For 10 tablets randomly extracted from the obtained tablets, the breaking strength was measured in the same manner as in Reference Example 1, and the average value was calculated. The results are shown in Table 1.

From Reference Examples 1 to 3 and Comparative Example 1, the tablets of Reference Examples 1 to 3 containing an antistatic agent in the shaped product were compared with the tablet of Comparative Example 1 containing no antistatic agent, and the molding conditions and It can be seen that it has excellent tablet hardness despite the tablet thickness being equal.

[Examples 4 to 6, Comparative Example 2]
After uniformly mixing the sustained release granules, crystalline cellulose and silicon dioxide obtained in Preparation Example 1 in the amounts shown in Table 2, talc and Mg stearate are added in the amounts shown in Table 2 and further mixed. 3000 g of a mixture was prepared. Subsequently, the mixture was compression-molded using a rotary tableting machine at pressures of 400 kg, 800 kg, 1200 kg, 1600 kg, and 2000 kg, respectively, to obtain circular tablets having a mass of 375 mg and a diameter of 9 mm per tablet.

  The tablet hardness of the obtained tablets was determined by the measurement method described above. The results are shown in the graph of FIG.

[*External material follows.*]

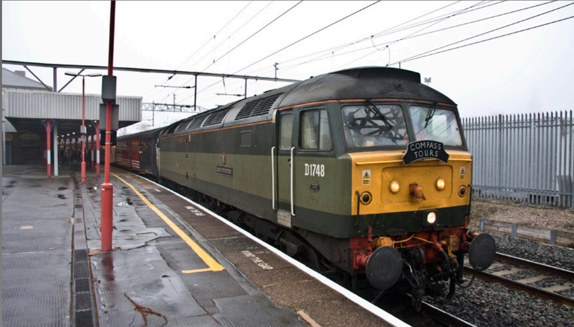
Above: Compass Tours "The Festive Shakesperian" ran on the 29th November from Liverpool South Parkway - Stratford-upon-Avon with Riveria's Class 47 805 and 47 815. This is Class 47 815 on the outward journey at Stockport.
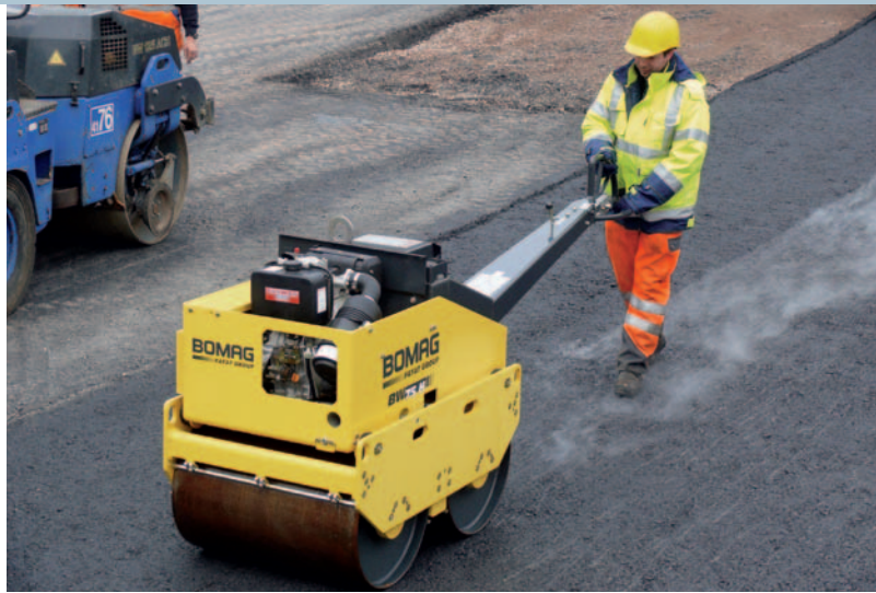
Consistent compaction results on asphalt ...

[Comparative Example 3, Example 7]
After the sustained release granules, crystalline cellulose, anhydrous calcium hydrogen phosphate and silicon dioxide obtained in Preparation Example 1 were uniformly mixed in the amounts shown in Table 3, the amounts of talc and Mg stearate shown in Table 3 were mixed. And mixed further to prepare a 3000 g mixture. Then, so as to obtain tablets having the same hardness, using a rotary tableting machine, in Comparative Example 3 1200 kg, the mixture was compression-molded respectively at a pressure of 800kg Example 7, each weighing mass 375mg A round tablet with a diameter of 8.5 mm was obtained. Each resulting tablets of Comparative Example 3 and Example 7, 8.2Kp, was tablet hardness of 8.5Kp.

The dissolution rate of 5-aminosalicylic acid from the tablet was determined by the measurement method described above.
As a result, the tablets of Example 7 as compared to Comparative Example 3 containing no antistatic agent was comparable dissolution rate. The results are shown in the graph of FIG.

Claims (3)

Sustained release particles comprising a core material containing 5-aminosalicylic acid and a coating layer containing a cellulosic polymer that controls the release of 5-aminosalicylic acid from the core material, talc, magnesium stearate, inorganic antistatic agent (excluding tall h) and a sustained-release tablet containing crystalline cellulose,
The sustained release tablet wherein the sustained release particles are 50% by mass or more of the tablet mass.   The sustained release tablet according to claim 1, wherein the tablet hardness is 6 Kp or more. Sustained release particles comprising a core material containing 5-aminosalicylic acid and a coating layer containing a cellulosic polymer that controls the release of 5-aminosalicylic acid from the core material, crystalline cellulose , talc, magnesium stearate, and inorganic antistatic agent (excluding tall h) tablet hardness method for enhancing mixing, compression molding.